Electrocorticography cannot be typically be performed in humans because it is an invasive procedure, but it is often used to monitor patients with epilepsy who are about to undergo surgery to treat their seizures. Patients are monitored over several days so that doctors can determine where their seizures are originating before operating.
During that time, if patients agree, they can participate in studies
that involve measuring their brain activity while performing certain tasks. For
this study, the MIT team was able to gather data from 15 participants over
several years.
For
those participants, the researchers played the same set of 165 sounds that they
used in the earlier fMRI study. The location of each patient's electrodes was
determined by their surgeons, so some did not pick up any responses to auditory
input, but many did. Using a novel statistical analysis that they developed,
the researchers were able to infer the types of neural populations that
produced the data that were recorded by each electrode.
"When
we applied this method to this data set, this neural response pattern popped
out that only responded to singing," Norman-Haignere says. "This was
a finding we really didn't expect, so it very much justifies the whole point of
the approach, which is to reveal potentially novel things you might not think
to look for."
That
song-specific population of neurons had very weak responses to either speech or
instrumental music, and therefore is distinct from the music- and
speech-selective populations identified in their 2015 study.
Music
in the brain
In
the second part of their study, the researchers devised a mathematical method
to combine the data from the intracranial recordings with the fMRI data from
their 2015 study. Because fMRI can cover a much larger portion of the brain,
this allowed them to determine more precisely the locations of the neural
populations that respond to singing.
"This
way of combining ECoG and fMRI is a significant methodological advance,"

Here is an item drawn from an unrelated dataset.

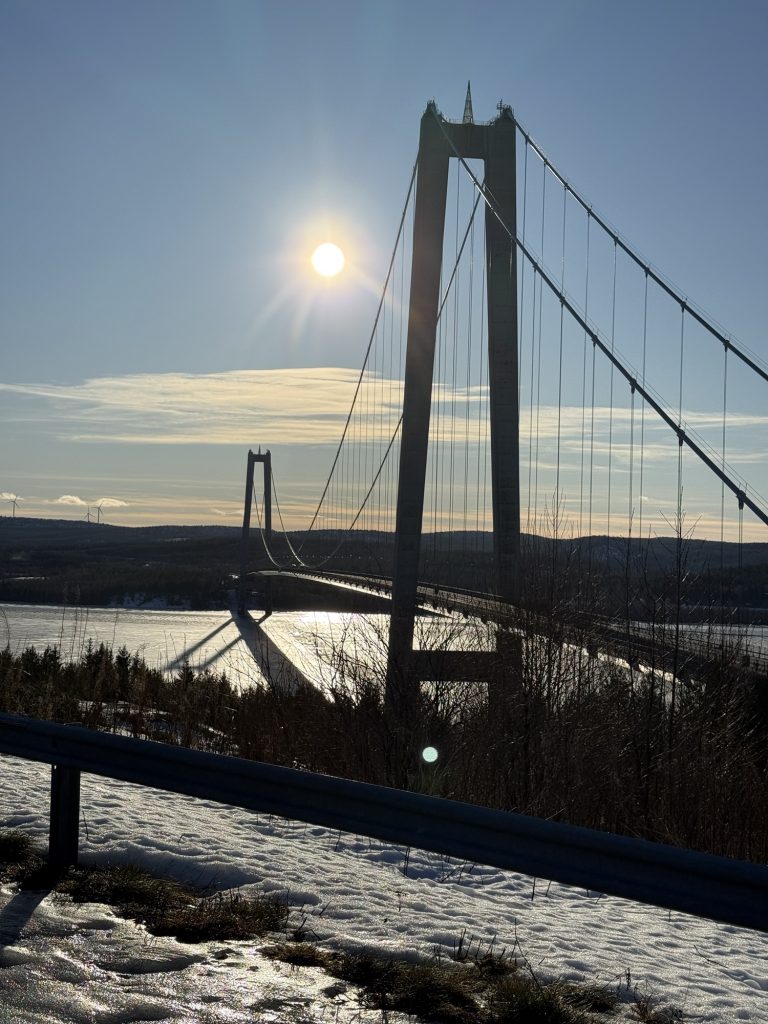 Weiter geht’s bis zur Mittagsrast an der Högakustenbron, einer großen Hängebrücke über den Fluss Ångermanälven.

McDermott says. "A lot of people have been doing ECoG over the past 10 or
15 years, but it's always been limited by this issue of the sparsity of the
recordings. Sam is really the first person who figured out how to combine the
improved resolution of the electrode recordings with fMRI data to get better
localization of the overall responses."
The
song-specific hotspot that they found is located at the top of the temporal
lobe, near regions that are selective for language and music. That location
suggests that the song-specific population may be responding to features such
as the perceived pitch, or the interaction between words and perceived pitch,
before sending information to other parts of the brain for further processing,
the researchers say.
The
researchers now hope to learn more about what aspects of singing drive the
responses of these neurons. They are also working with MIT Professor Rebecca
Saxe's lab to study whether infants have music-selective areas, in hopes of
learning more about when and how these brain regions develop.
The
research was funded by the National Institutes of Health, the U.S. Army
Research Office, the National Science Foundation, the NSF Science and
Technology Center for Brains, Minds, and Machines, the Fondazione Neurone, and
the Howard Hughes Medical Institute.